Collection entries
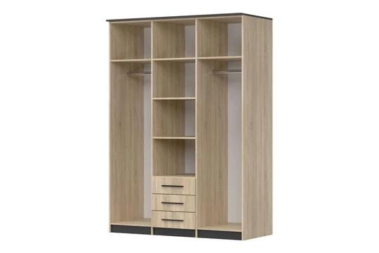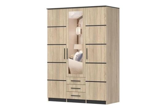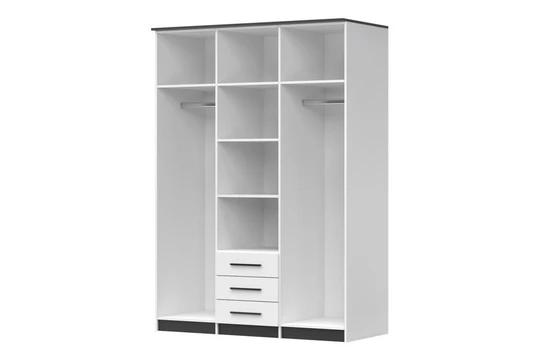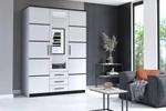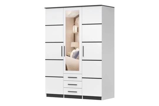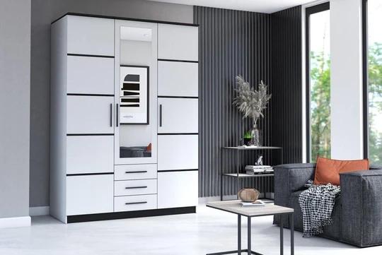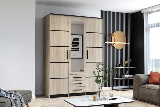 Skříň je rozdělena na tři části, vybavena několika policemi, šatní tyčí a šuplíky. Zrcadlo vám pomůže vychytat poslední detaily při oblékání.
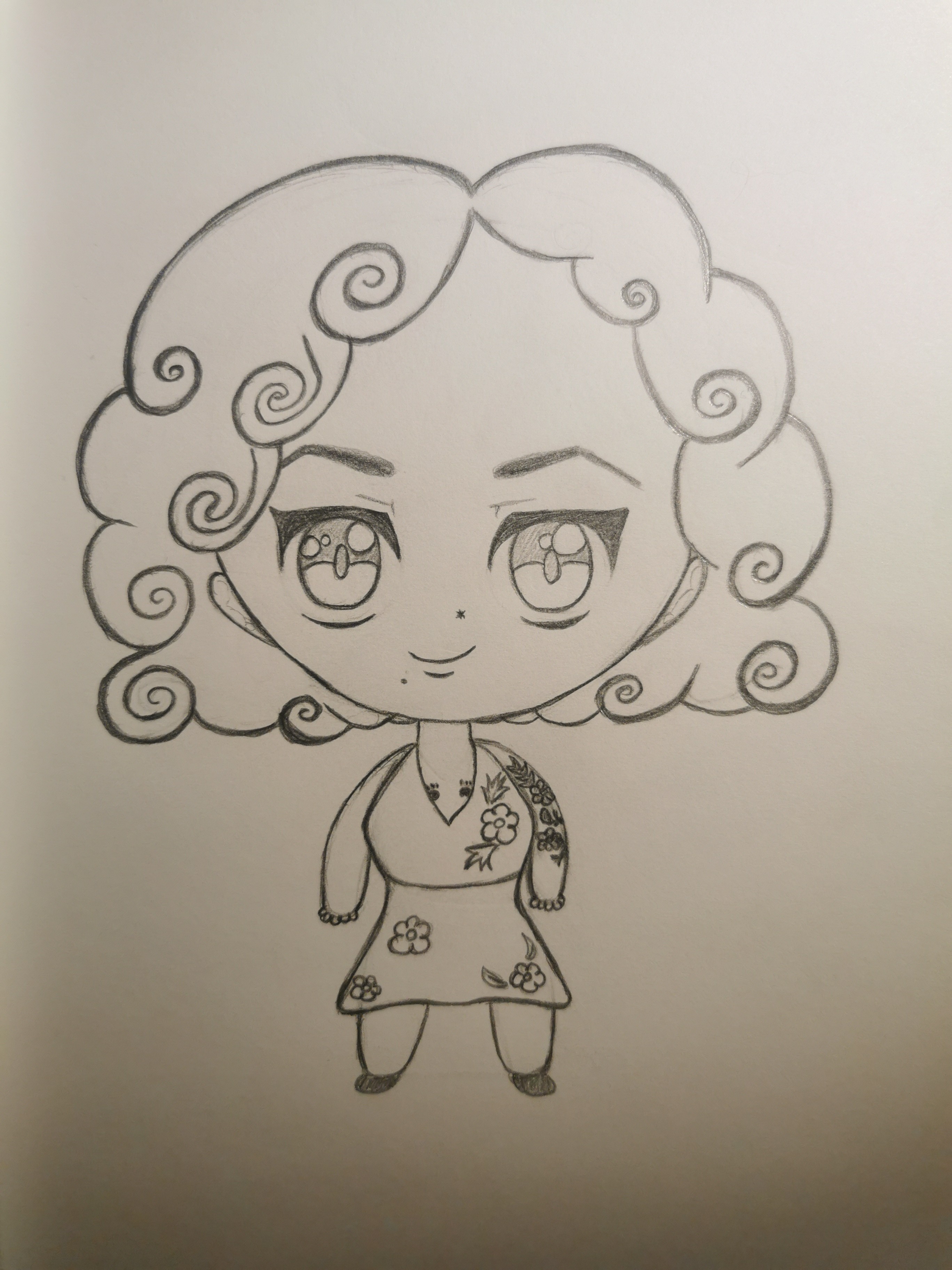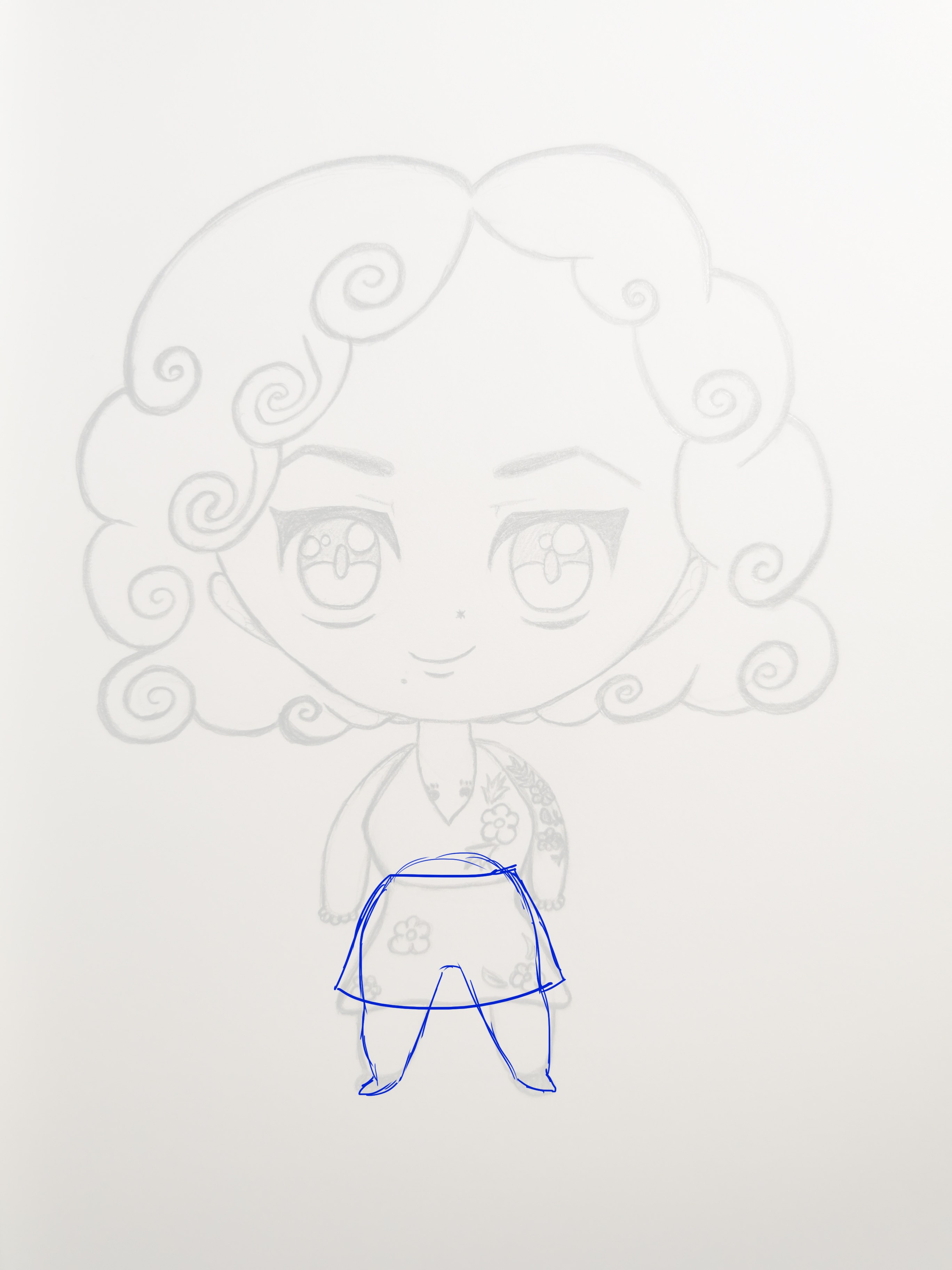 Ici les jambes ont l'air droites et de ne pas vraiment partir du bassin, à moins que le chibi ait les jambes pliées en partie mais ce serait étrange et le dessin de la robe ne serait pas juste non plus. Je te joins une correction pour que tu visualises :)
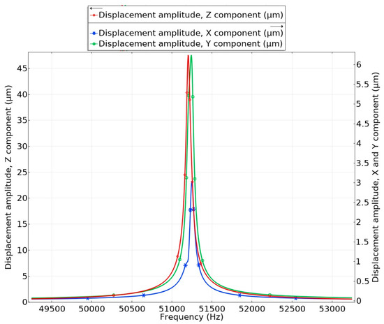 The amplitude–frequency and velocity–frequency characteristics of the contact point were studied as well. The amplitude of the excitation voltage was set to 200 Vp-p while excitation signals were applied to the piezoceramic rings, as shown in Figure 1b. The frequency range from 49 kHz to 54 kHz with a frequency step of 5 Hz was analyzed. The displacement and velocity amplitudes of the contact point located on the top surface of the waveguide were analyzed. The graph related to the displacement amplitudes is given in Figure 5. An analysis of the velocity amplitudes is given below Figure 5.
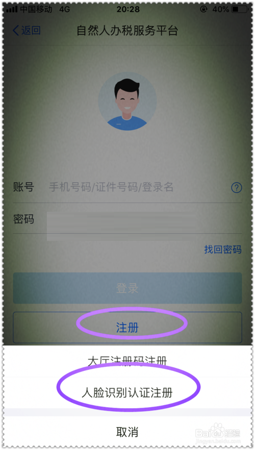 进入主界面,点击右下角个人中心,进入个人界面,点击中间注册,在弹出的界面选择人脸识别认证注册,这个功能适用于身份证注册,如果其它证件,选择大厅注册码注册。
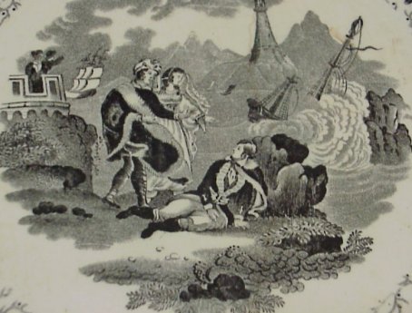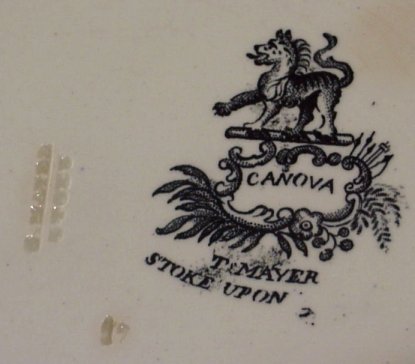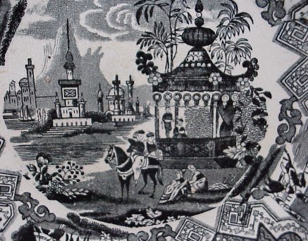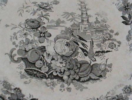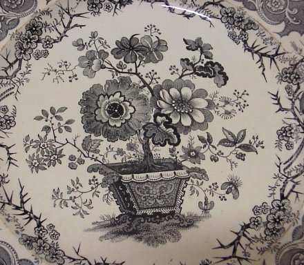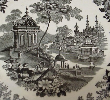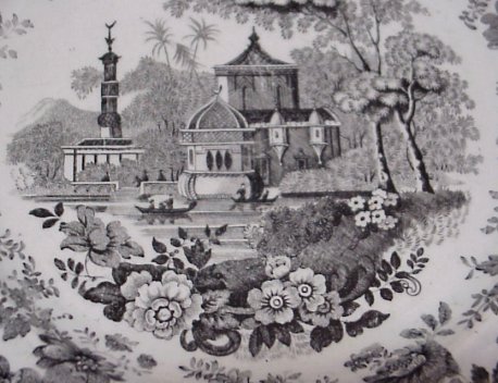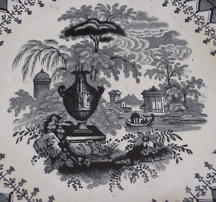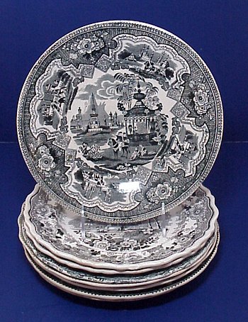 8 STAFFORDSHIRE BLACK TRANSFER PLATES: 19th C. plates approx. 9'' dia. Patterns are Damascus, The Sea, Pagoda, Japanese, Canova, and three in the Asiatic Scenery pattern.
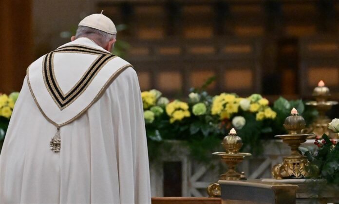 Per šeštadienį aukotas Vėlinių Mišias homilija nebuvo sakoma. Mišios baigėsi popiežiaus Pranciškaus malda.
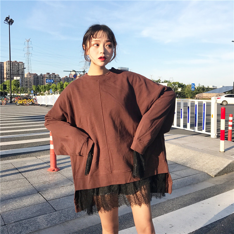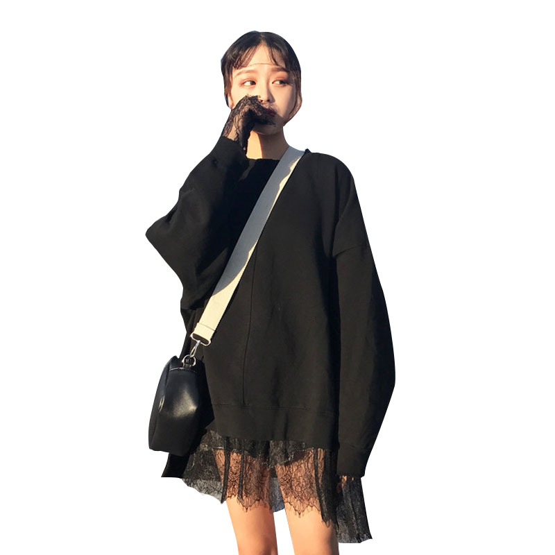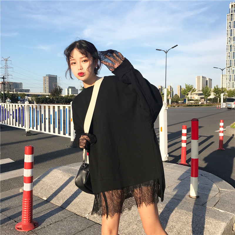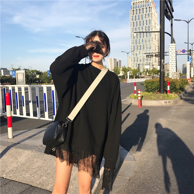 / 秋季韓版中長款蕾絲拼接假兩件套頭衛衣中長款寬松長袖上衣外套女
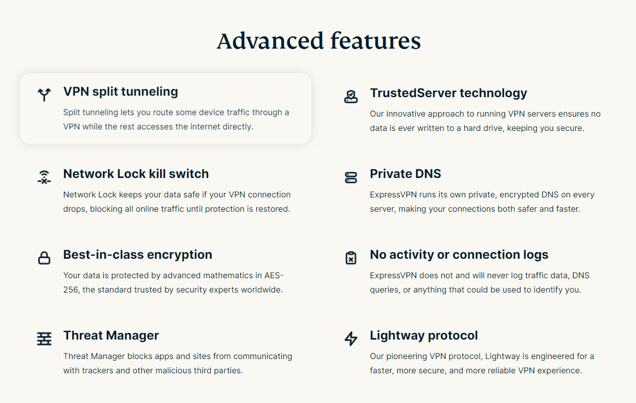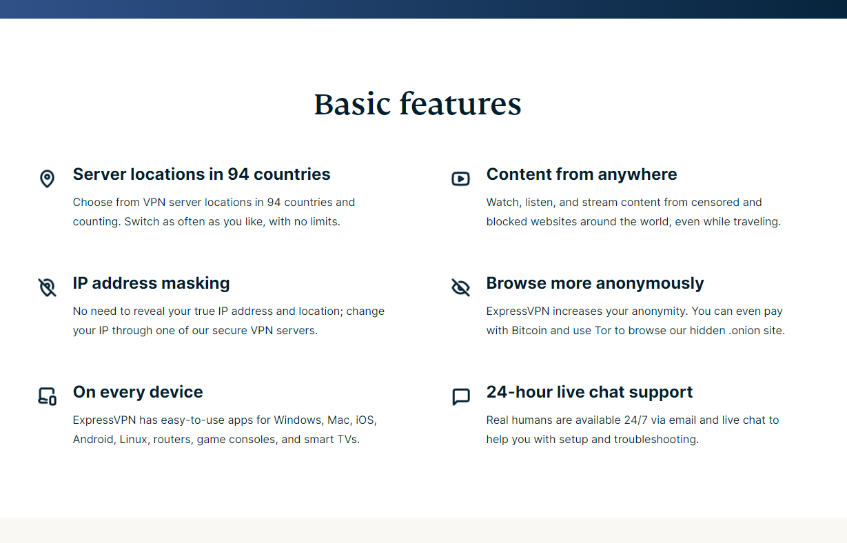 ExpressVPN innehåll och funktioner
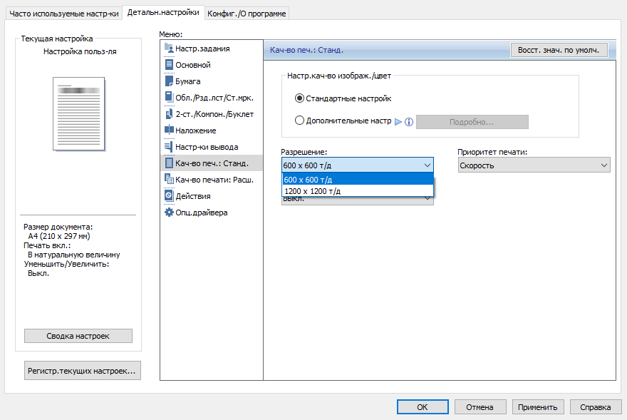 | Разрешение | Приоритет | Время, с | Скорость, стр/мин |
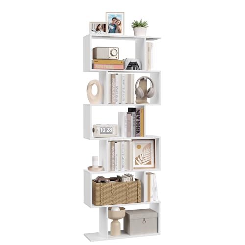 VASAGLE Bookshelves, 6-Tier Bookcase, Room Divider, Cube Display Shelf, Freestanding Storage Shelf, Modern Style, for Living room, Bedroom, Office, White LBC61WT
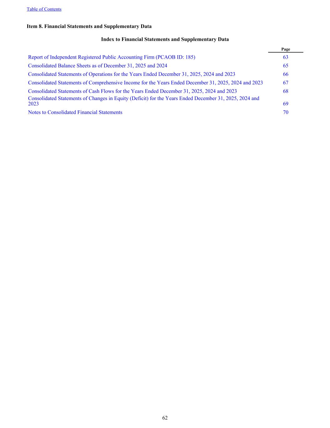 Item 8. Financial Statements and Supplementary Data Index to Financial Statements and Supplementary Data Page Report of Independent Registered Public Accounting Firm (PCAOB ID: 185) 63 Consolidated Balance Sheets as of December 31, 2025 and 2024 65 Consolidated Statements of Operations for the Years Ended December 31, 2025, 2024 and 2023 66 Consolidated Statements of Comprehensive Income for the Years Ended December 31, 2025, 2024 and 2023 67 Consolidated Statements of Cash Flows for the Years Ended December 31, 2025, 2024 and 2023 68 Consolidated Statements of Changes in Equity (Deficit) for the Years Ended December 31, 2025, 2024 and 2023 69 Notes to Consolidated Financial Statements 70 Table of Contents 62
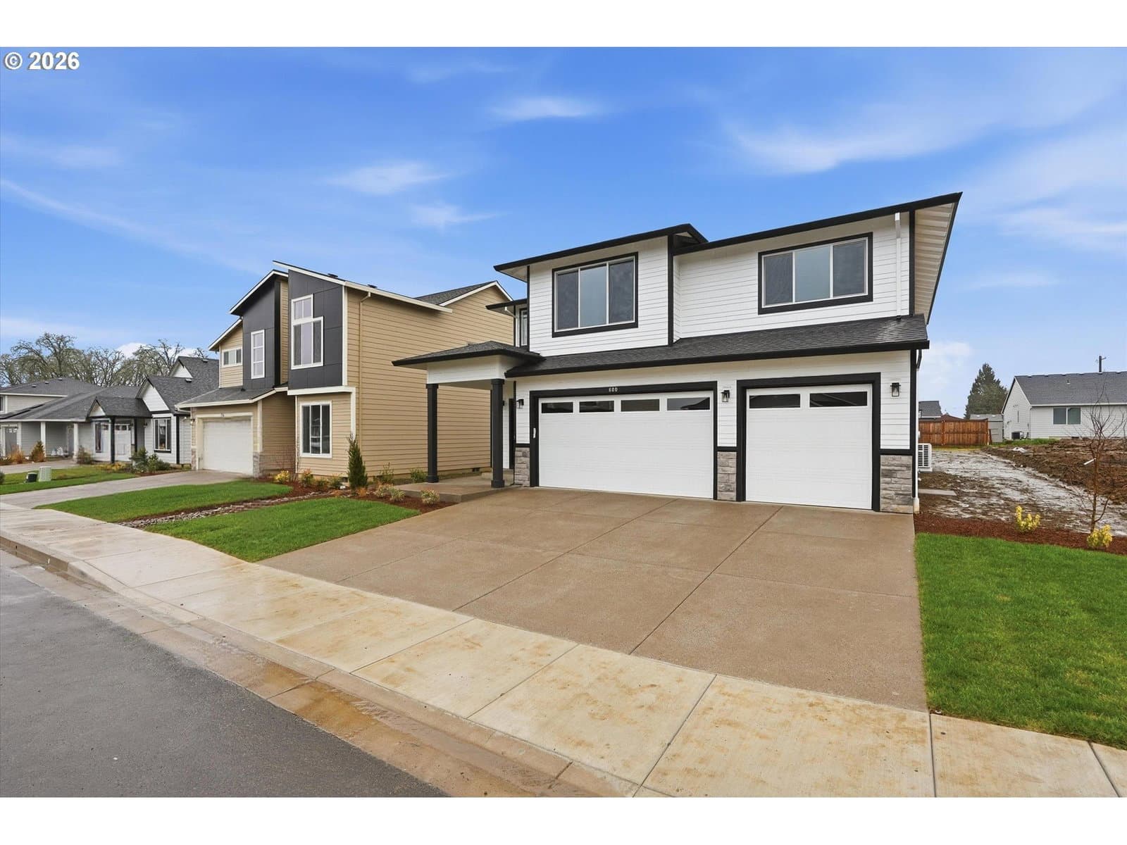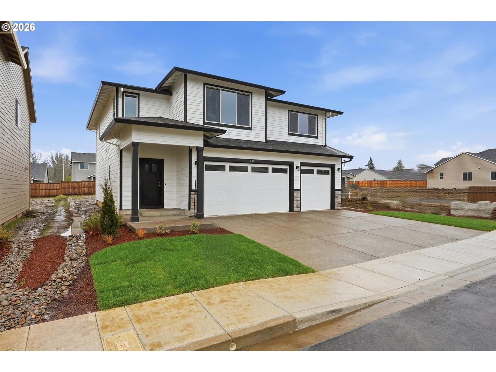 New Chad E Davis Construction built home. 5-bedroom modern style home with 3 car garage. 9ft main floor ceilings with great room and fireplace. Spacious kitchen with generous island, ss appliances, quartz counters and full tiled backsplash. Vaulted primary suite with ceiling fan, full bath with quartz counters, fs tub and walk in closet. Taxes TBD. Front landscaping with irrigation only.
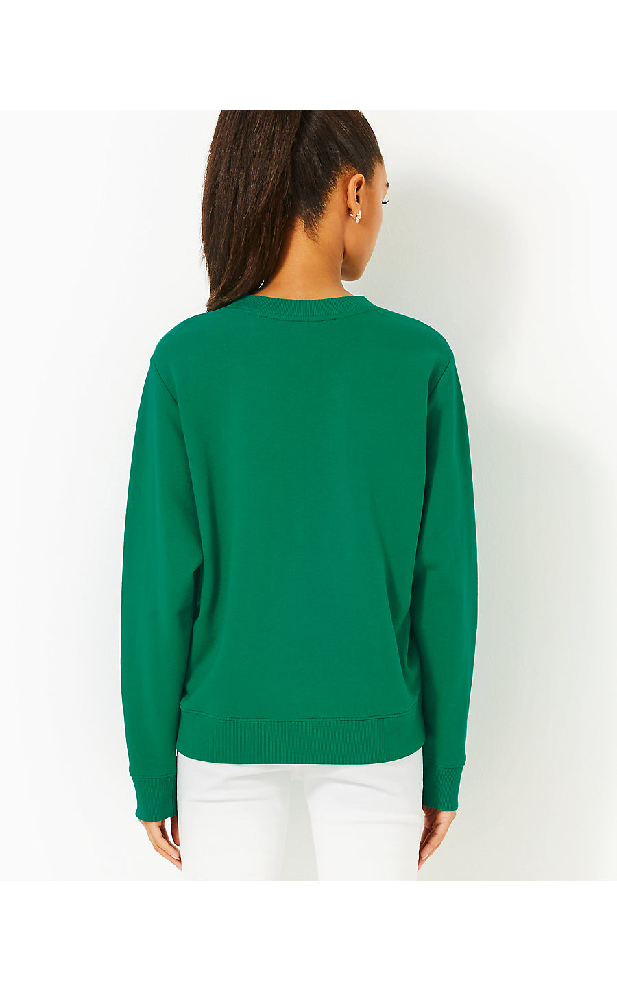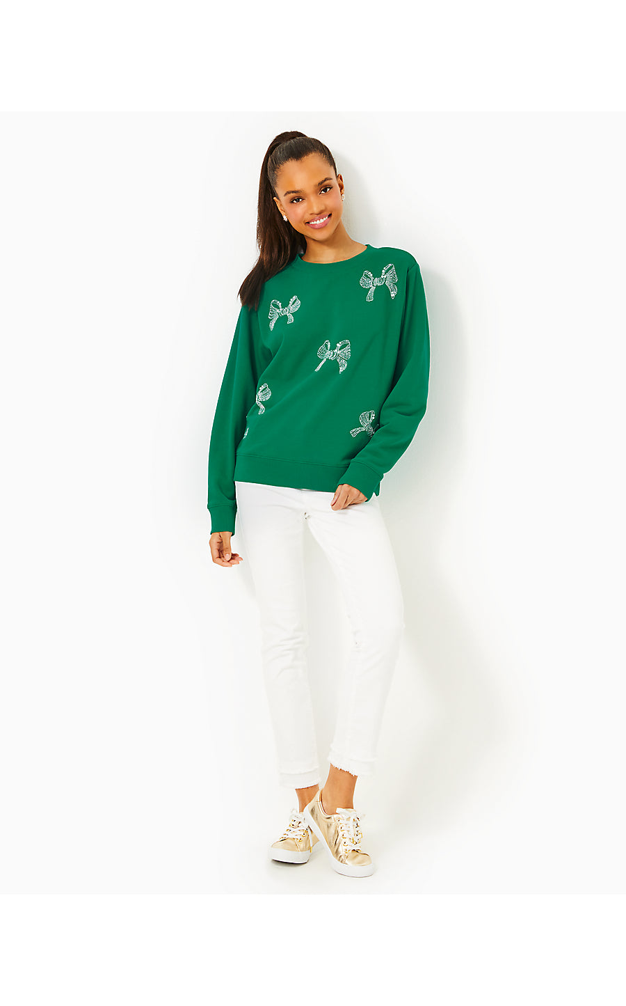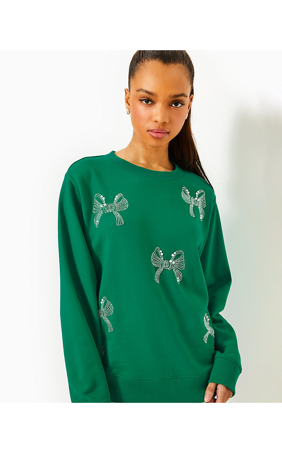 BALLAD LONG SLEEVE SWEATSHIRT, FIDDLE LEAF GREEN BOW EMBELLISHMENT

■ **TASK BRIEF**: Each line from the one with "Item 8. Financial" through the end of the entries should be reproduced exactly. Leave out the pictures.

■ **RESPONSE**:
 Item 8. Financial Statements and Supplementary Data Index to Financial Statements and Supplementary Data Page Report of Independent Registered Public Accounting Firm (PCAOB ID: 185) 63 Consolidated Balance Sheets as of December 31, 2025 and 2024 65 Consolidated Statements of Operations for the Years Ended December 31, 2025, 2024 and 2023 66 Consolidated Statements of Comprehensive Income for the Years Ended December 31, 2025, 2024 and 2023 67 Consolidated Statements of Cash Flows for the Years Ended December 31, 2025, 2024 and 2023 68 Consolidated Statements of Changes in Equity (Deficit) for the Years Ended December 31, 2025, 2024 and 2023 69 Notes to Consolidated Financial Statements 70 Table of Contents 62
 New Chad E Davis Construction built home. 5-bedroom modern style home with 3 car garage. 9ft main floor ceilings with great room and fireplace. Spacious kitchen with generous island, ss appliances, quartz counters and full tiled backsplash. Vaulted primary suite with ceiling fan, full bath with quartz counters, fs tub and walk in closet. Taxes TBD. Front landscaping with irrigation only.
 BALLAD LONG SLEEVE SWEATSHIRT, FIDDLE LEAF GREEN BOW EMBELLISHMENT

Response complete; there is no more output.